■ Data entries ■
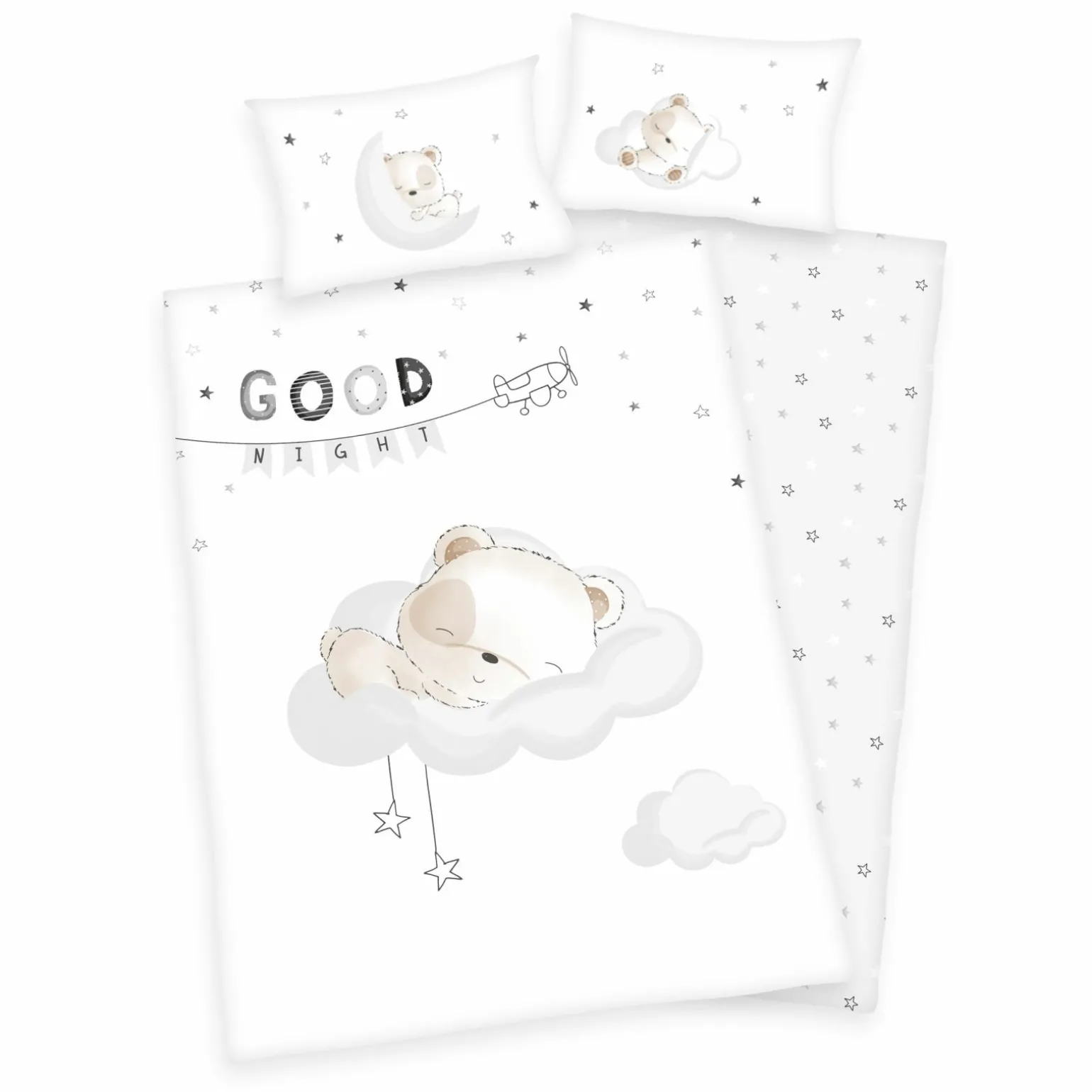 Baby Bettwäsche Weiß Grau
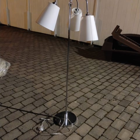 3 år gammel 5 armet stålampe i stål, vet ikke om den kan dimmes. Skjermene burde byttes. Selges høystbydende over 1300kr. Budslutt settes etter første bud. Kan ikke sendes.
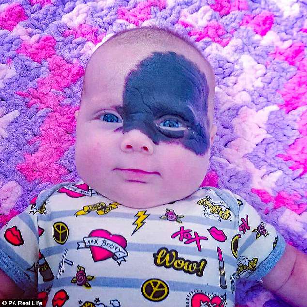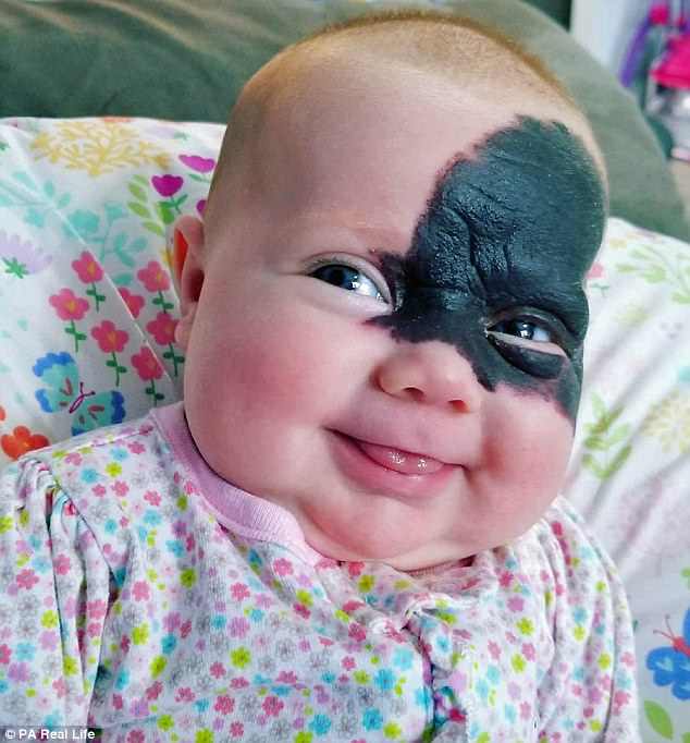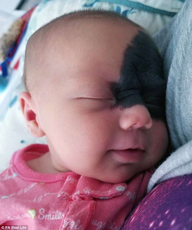 Una bimba nata con una voglia scura sulla faccia è un supereroe
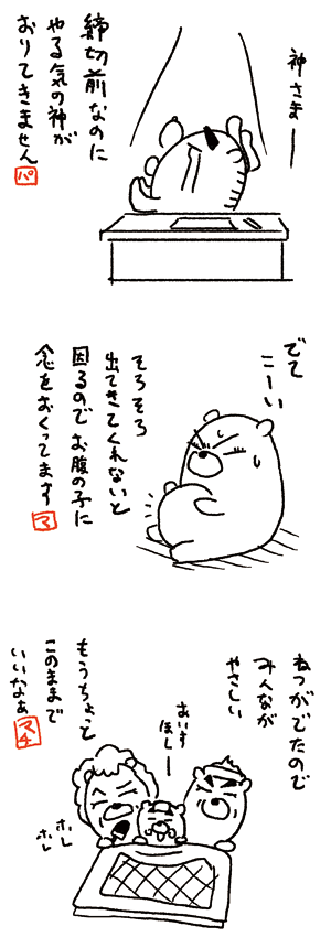 イラストレーター“柏原昇店”が描く二男一女の育児・子育て4コマ漫画。 家族を白くまのキャラクターに差替え、子供の成長、日々の暮らし、ママの乳がんの闘病記やその後の経過について時に真面目に時に楽しく、マンガで描いています。 現在は無事ママンの乳がん闘病を乗り越え、末っ子アリッサを中心とした「おてんば娘編」に突入中。乳がんを乗り越え元気にやっている我が家の記録が皆さんのお役に立てれば幸いです。
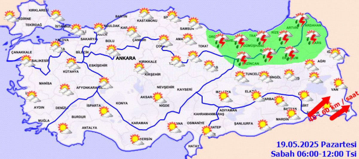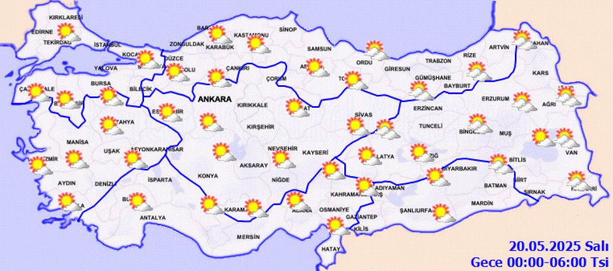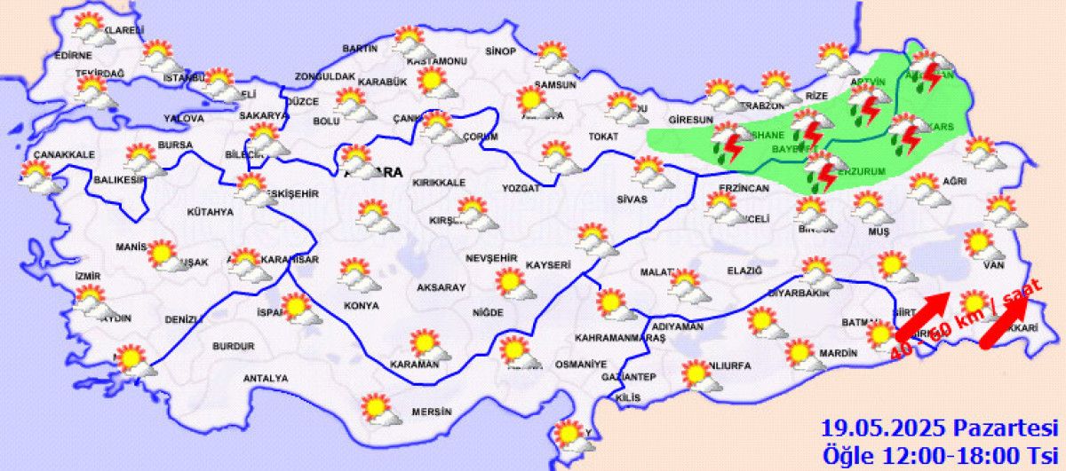 RÜZGAR: Rüzgarın çoklukla güneyli taraflardan orta kuvvette, Doğu Anadolu’nun güneydoğusunda kuvvetli (40-60 km/sa) olarak eseceği varsayım ediliyor.
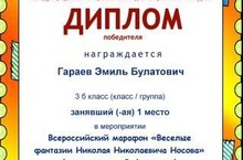 Стали известны итоги "Всероссийского марафона Николая Николаевича Носова". Ученик 3 б класса Гараев Эмиль (учитель Халиуллина Оксана Антатольевна) занял I место. Поздравляем с победой!
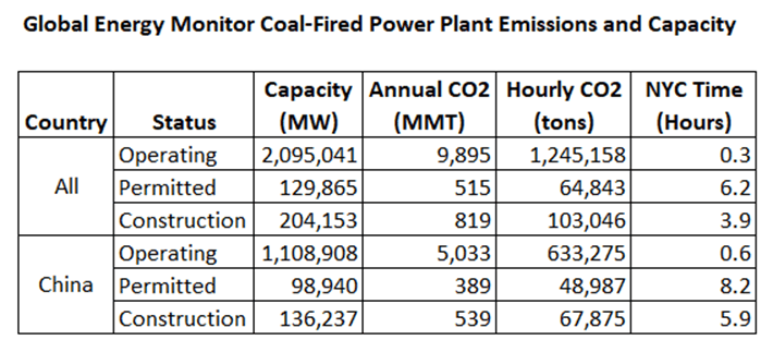 Another characteristic of these politicians is innumeracy. The city fleet has 30,000 vehicles. I calculate that those vehicles are responsible for about 400,000 tons of CO2 emissions per year. Driving down the “city’s carbon footprint” needs to be considered in the context of global emissions. The Global Energy Monitor mission is “to develop and share information in support of the worldwide movement for clean energy”. As part of their mission, they have prepared a spreadsheet with data on all coal-fired power plants in the world. Table 1 is based on that data. It lists capacity and projected annual CO2 emissions for three categories of power plants: operating, permitted but not yet under construction, and under construction. Every hour the operating coal-fired power plants emit 1,245,158 tons of CO2. That means that the CO2 reductions due converting the New York City owned fleet of vehicles will be subsumed by coal fired emissions elsewhere on the globe in 0.3 hours or 19 minutes. This law will not have any discernable effect on global warming.

■ PROBLEM DETAILS ■
Give again, exactly, the lines from the start of the data through the one holding "Стали известны итоги"; omit the pictures.

■ ANSWER FOR THIS EXERCISE ■
 Baby Bettwäsche Weiß Grau
 3 år gammel 5 armet stålampe i stål, vet ikke om den kan dimmes. Skjermene burde byttes. Selges høystbydende over 1300kr. Budslutt settes etter første bud. Kan ikke sendes.
 Una bimba nata con una voglia scura sulla faccia è un supereroe
 イラストレーター“柏原昇店”が描く二男一女の育児・子育て4コマ漫画。 家族を白くまのキャラクターに差替え、子供の成長、日々の暮らし、ママの乳がんの闘病記やその後の経過について時に真面目に時に楽しく、マンガで描いています。 現在は無事ママンの乳がん闘病を乗り越え、末っ子アリッサを中心とした「おてんば娘編」に突入中。乳がんを乗り越え元気にやっている我が家の記録が皆さんのお役に立てれば幸いです。
 RÜZGAR: Rüzgarın çoklukla güneyli taraflardan orta kuvvette, Doğu Anadolu’nun güneydoğusunda kuvvetli (40-60 km/sa) olarak eseceği varsayım ediliyor.
 Стали известны итоги "Всероссийского марафона Николая Николаевича Носова". Ученик 3 б класса Гараев Эмиль (учитель Халиуллина Оксана Антатольевна) занял I место. Поздравляем с победой!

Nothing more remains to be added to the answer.